We have had similar discussion with PDB_REDO that is frequently forced to assign a new R-free set when the input data doesn’t have one (this still happens with new PDB entries!). The ‘500/1000/1500/2000 reflections’ is enough school seems to look only at the variance of R-free for different choices of test sets, which depends on the absolute number of reflections.  You also want a representative sample of reciprocal space which depends on the fraction of reflections. In PDB_REDO we make a new test set if:

-          The test set is smaller than 1% of the reflections

-          When the set has fewer than 500 reflections AND is smaller than 10% of the reflections.


The new set is chosen as at least 5% of the possible reflections given the cell parameters and the resolution. If there are between 20000 and 10000 reflections, the percentage is increased to get at least 1000 reflections in the test set.  So the maximum percentage is 10%.


Funny side note: The random number generator in freerflag was set up to always pick the same test set for given resolution and cell parameters, which is useful if you misplace your test set. Unfortunately, we also had data sets from the PDB where the newly generated test set had no observed reflections.
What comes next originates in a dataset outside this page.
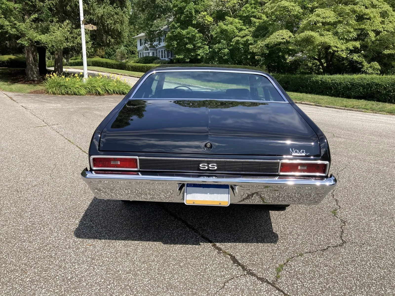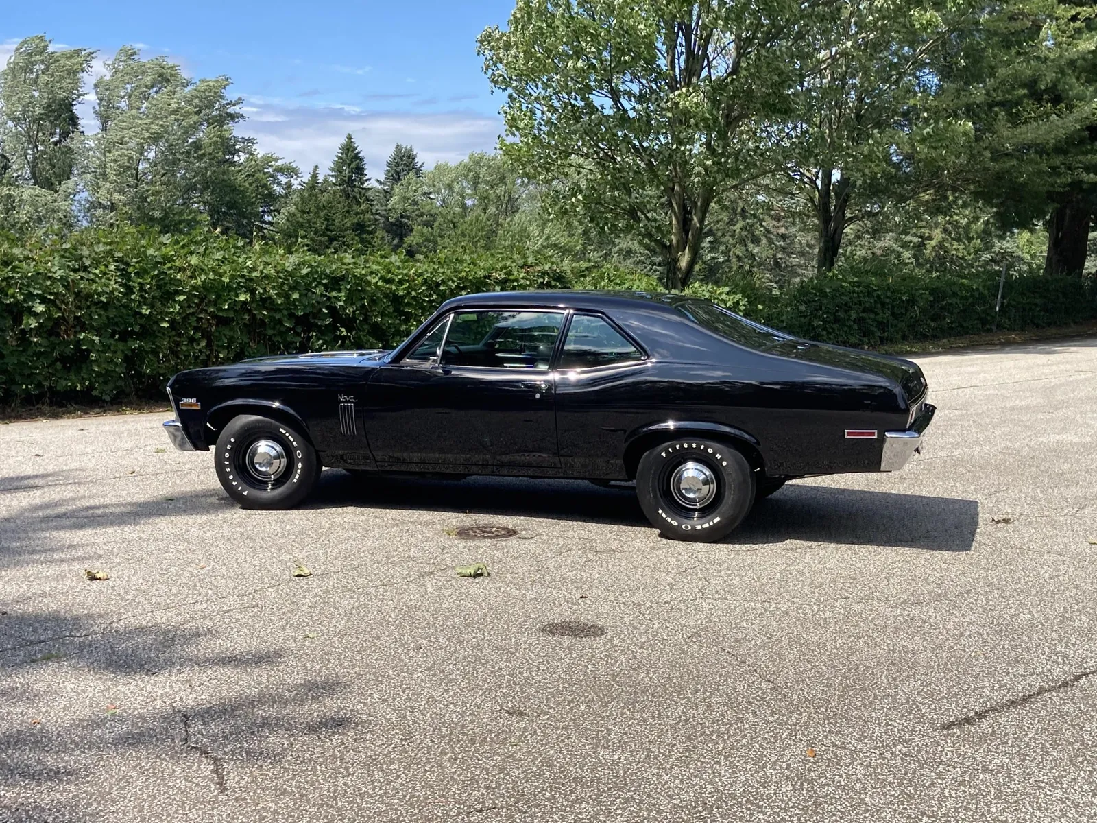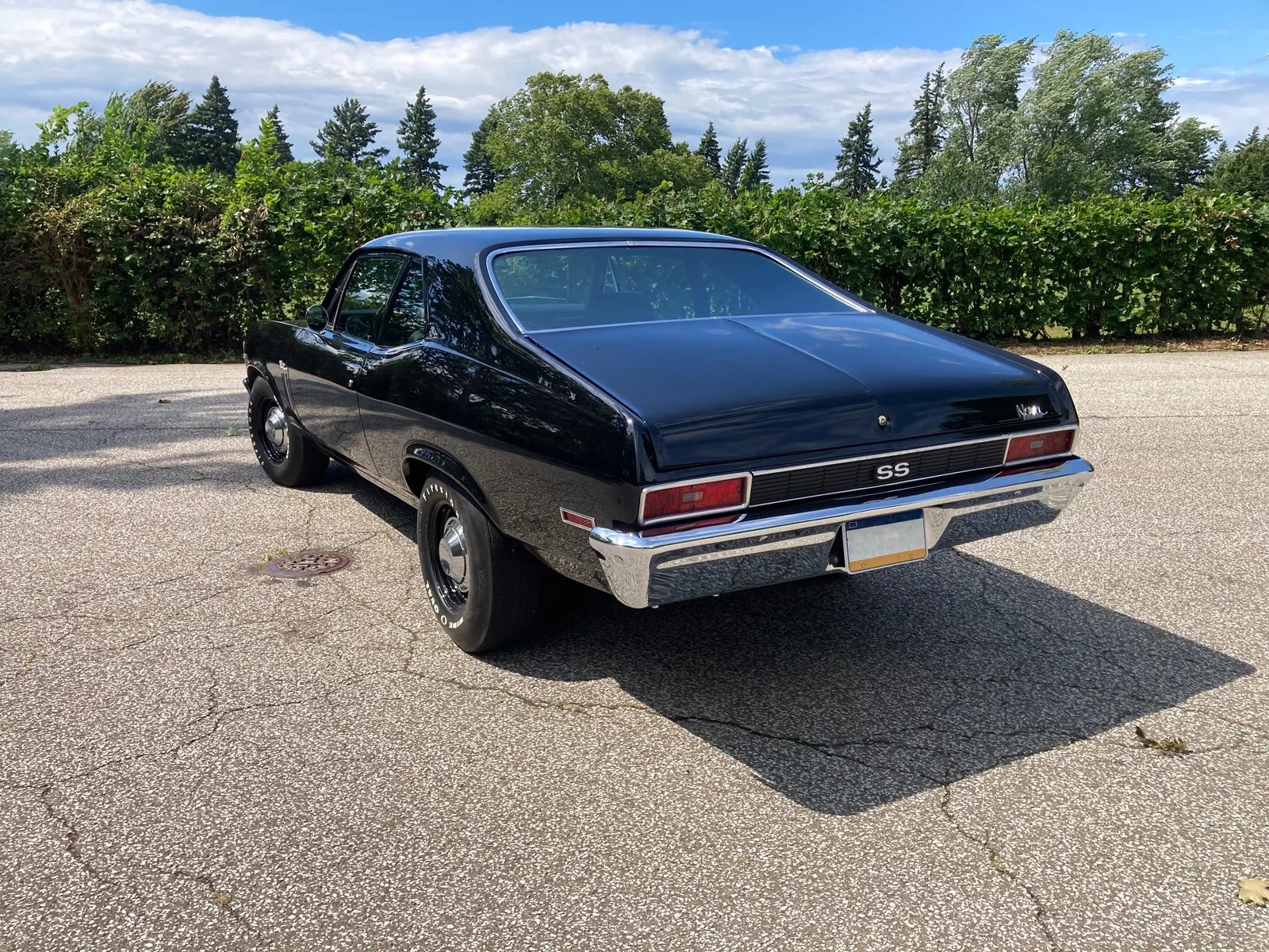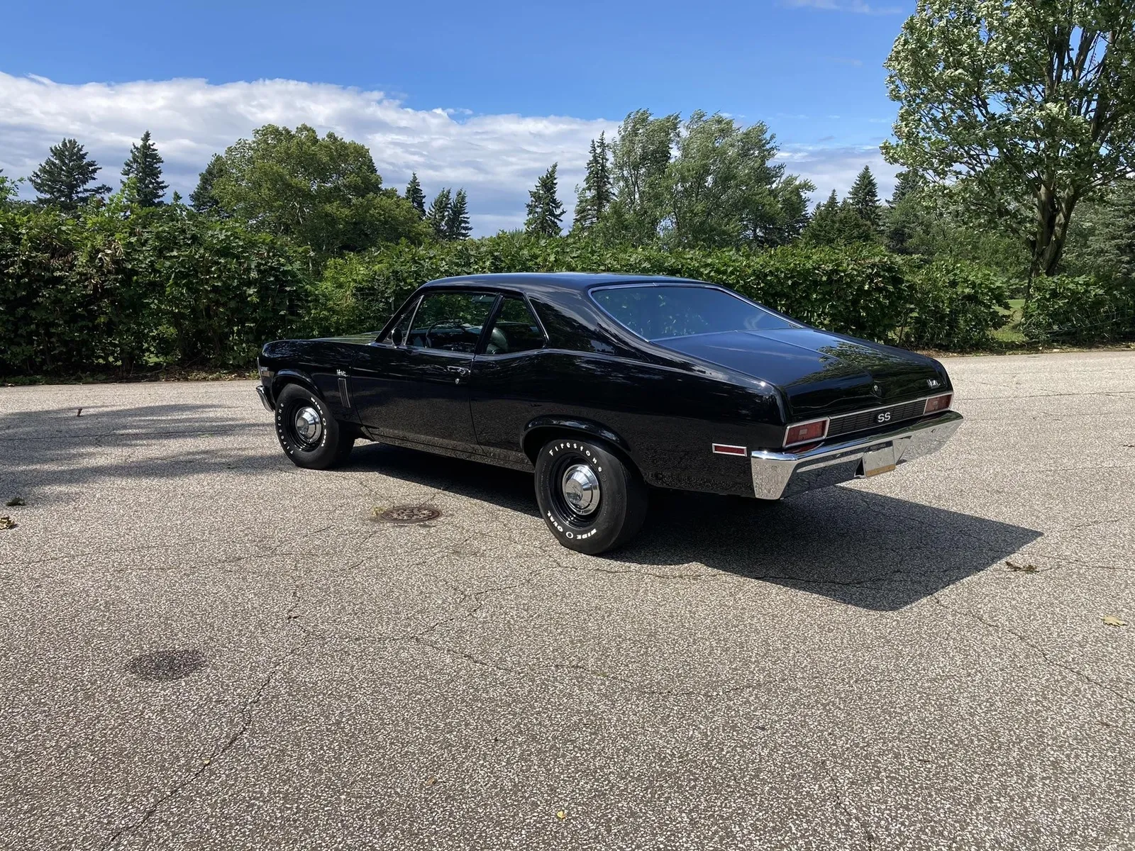 Nova SS finished in black over black vinyl, powered by a replacement 396ci V8 and a Muncie M21 close-ratio four-speed manual transmission.

Most of these datasets were close to 95% complete ;)





From: CCP4 bulletin board [mailto:[log in to unmask]] On Behalf Of Graeme Winter
Sent: Tuesday, June 2, 2015 12:27
To: [log in to unmask]
Subject: [ccp4bb] How many is too many free reflections?


Hi Folks


Had a vague comment handed my way that "xia2 assigns too many free reflections" - I have a feeling that by default it makes a free set of 5% which was OK back in the day (like I/sig(I) = 2 was OK) but maybe seems excessive now.


This was particularly in the case of high resolution data where you have a lot of reflections, so 5% could be several thousand which would be more than you need to just check Rfree seems OK.


Since I really don't know what is the right # reflections to assign to a free set thought I would ask here - what do you think? Essentially I need to assign a minimum %age or minimum # - the lower of the two presumably?


Any comments welcome!


Thanks & best wishes Graeme